Research regarding the incidence of cancer among people with psychotic disorders relative to the general population is equivocal, although the evidence suggests that they have more advanced stage cancer at diagnosis. We conducted a systematic review and meta-analysis to examine the incidence and stage at diagnosis of cancer among people with, relative to those without, psychotic disorders. We searched the MEDLINE, EMBASE, PsycINFO, and CINAHL databases. Articles were included if they reported the incidence and/or stage at diagnosis of cancer in people with psychotic disorders. Random effects meta-analyses were used to determine risk of cancer and odds of advanced stage cancer at diagnosis in people with psychosis, relative to those without psychotic disorders. A total of 40 articles were included in the review, of which, 31 were included in the meta-analyses. The pooled age-adjusted risk ratio for all cancers in people with psychotic disorders was 1.08 (95% CI: 1.01–1.15), relative to those without psychotic disorders, with significant heterogeneity by cancer site. People with psychotic disorders had a higher incidence of breast, oesophageal, colorectal, testicular, uterine, and cervical cancer, and a lower incidence of skin, prostate, and thyroid cancer. People with psychotic disorders also had 22% higher (95% CI: 2–46%) odds of metastases at diagnosis, compared to those without psychotic disorders. Our systematic review found a significant difference in overall cancer incidence among people diagnosed with psychotic disorders and people with psychotic disorders were more likely to present with advanced stage cancer at diagnosis. This finding may reflect a need for improved access to and uptake of cancer screening for patients diagnosed with psychotic disorders.
- • People with psychotic disorders had a higher age-adjusted risk of cancer overall, compared to those without psychotic disorders.
- • People with psychotic disorders had higher incidence of cancer at some sites and lower at others.
- • People with psychotic disorders had greater odds of metastases at diagnosis, compared to those without psychotic disorders.

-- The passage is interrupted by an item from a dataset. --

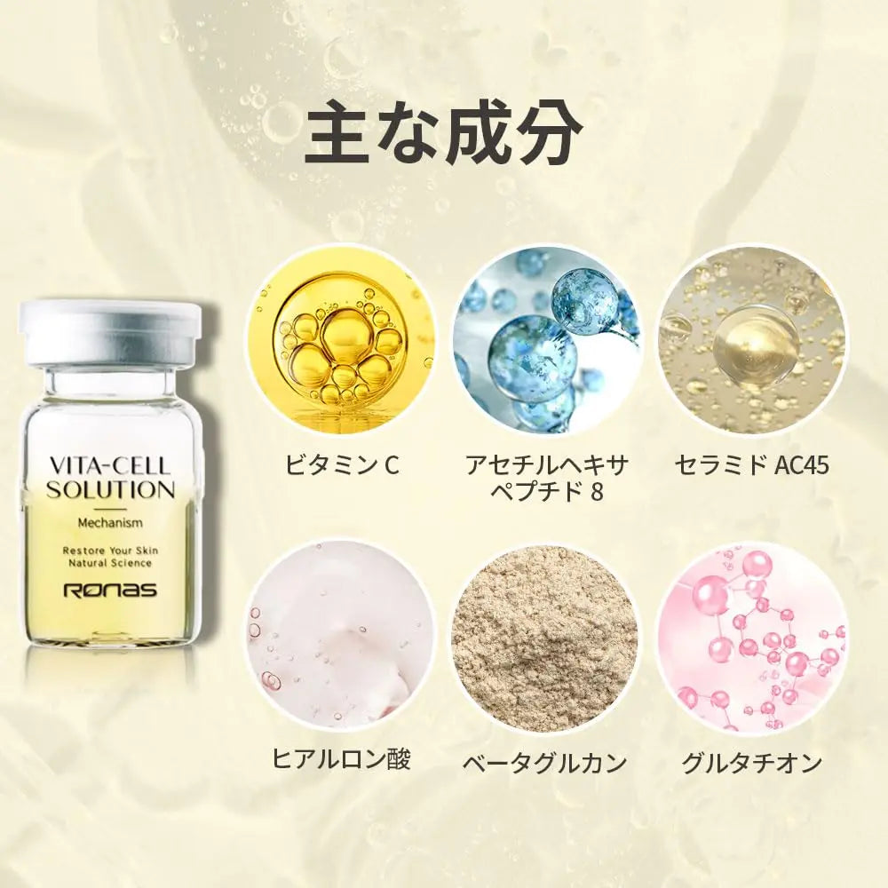 Ronas VITA Cell Solution,Anti Aging Serum for Face neck with Hyaluronic Acid,Vitamin C, Ceramide, Beta glucan, Hydrating Tone up serum for Dark Spots, Fine Lines & wrinkles 0.16oz 10vial, 1.6 Fl Oz
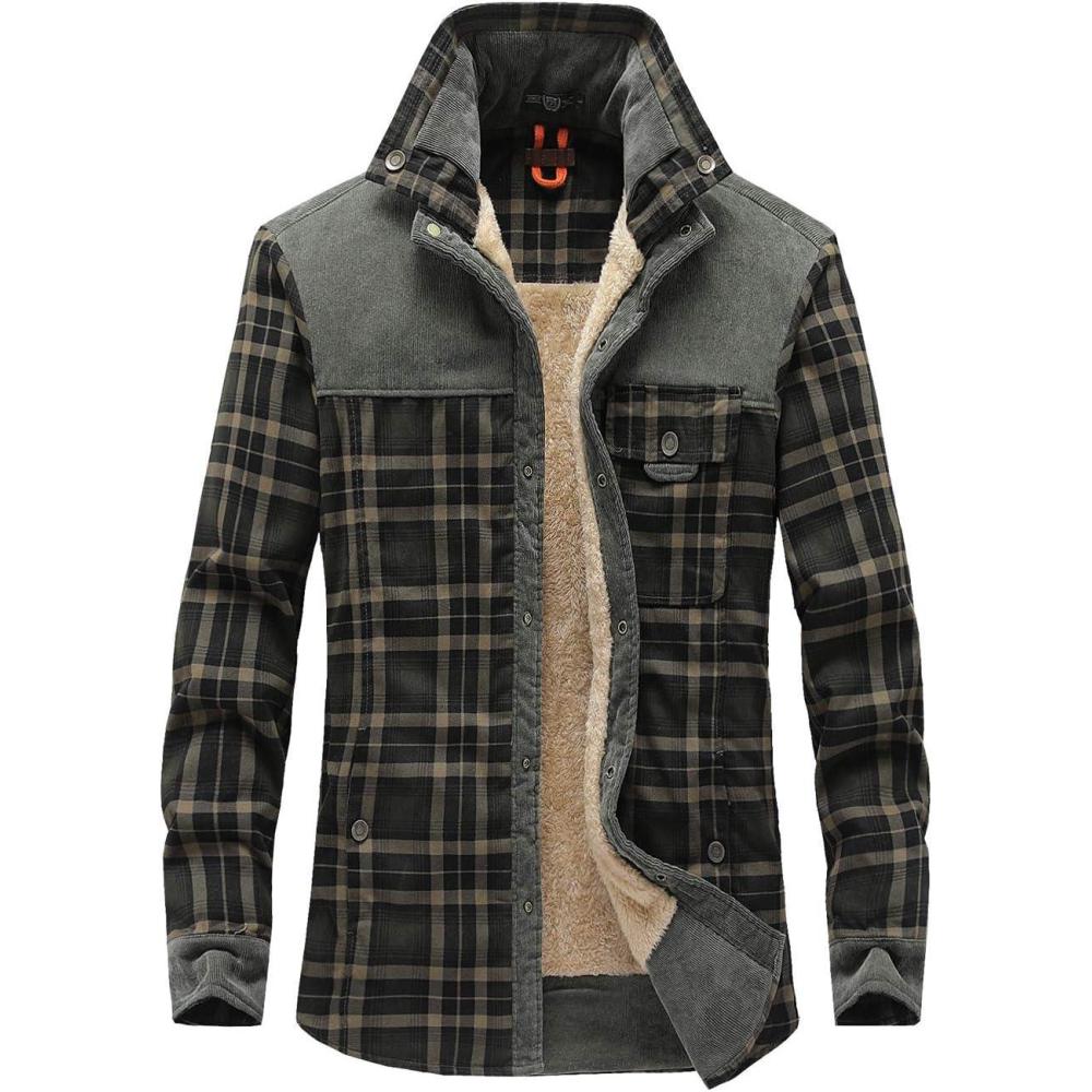 chouyatou Men's Warm Long Sleeve Fleece Lined Spliced Plaid Button Down Shirt

People with psychotic disorders, including schizophrenia spectrum disorder, have elevated rates of mortality compared to the general population , and it is estimated that at least half of this excess mortality is attributable to concurrent medical illnesses . The cause of these disparities is thought to be the combination of biological mechanisms (e.g., ongoing antipsychotic medication use), lifestyle factors (e.g., poor diet, lack of exercise, substance use), and differential interactions within the healthcare system . There has been extensive research examining concurrent medical illnesses in those with psychotic disorders, which has definitively identified elevated incidence of cardiometabolic and hepatorenal diseases compared to the general population . However, the incidence of cancer in people with psychotic disorders has remained an area of contention since the Report of the Commissioners of Lunacy in 1909 , which first reported lower rates of cancer in patients with schizophrenia.
Subsequently, studies examining the incidence of cancer in those with psychotic disorders relative to the general population have produced contrasting results; some found a lower incidence of cancers, whereas others found the opposite . Several meta-analyses have examined the incidence of cancer at specific sites in people with schizophrenia . These meta-analyses have identified an higher risk of breast cancer , lower risk of liver cancer , and no difference in risk of lung cancer for people with schizophrenia, relative to the general population .
Two prior meta-analyses have examined cancer at all sites . Catts et al. found no difference in the overall incidence of cancer between people with schizophrenia and the general population . While the authors found an elevated incidence of lung and breast cancer was found, the difference was attenuated after controlling for smoking prevalence . These results conflict with the results of Li et al., which found a slightly lower risk of cancer overall among people with schizophrenia, as well as lower risk of colorectal, prostate, and lung cancers in particular . The findings of each review are likely impacted by which studies are included/excluded due to wide variation in direction and magnitude across cancer sites. Thus, it is important to be as inclusive as possible when summarising the evidence, as it will impact conclusions about overall cancer incidence.
There is also evidence that people with psychotic disorders are more likely to present with a more advanced stage of cancer at diagnosis. A meta-analysis of stage at cancer diagnosis and cancer-specific mortality found that people with pre-existing mental illnesses, including psychotic disorders, had 19% greater odds (OR: 1.19, 95%CI: 1.06, 1.33) of advanced stage cancer at diagnosis, whereas people with psychotic disorders had 30% greater odds (OR: 1.30, 95%CI: 1.01, 1.68), relative to those without mental illnesses .
Previous meta-analyses of site-specific cancer incidence among people with psychotic disorders have focused on a limited number of cancer sites (n = 6) and restricted inclusion criteria to specific measures of incidence. In addition, several large-scale, population-based cohort studies have been conducted since the publication of the most recent review . Furthermore, best practice for systematic reviews includes risk of bias assessment , which was not done in previous meta-analyses or was done using reporting guidelines to assess study quality . These reporting guidelines were designed for improving transparency and reporting in observational studies, not to assess study quality . The objective of this study was to perform a systematic review and meta-analysis of literature comparing the incidence and stage at diagnosis of any and all cancers among people with psychotic disorders relative to the general population.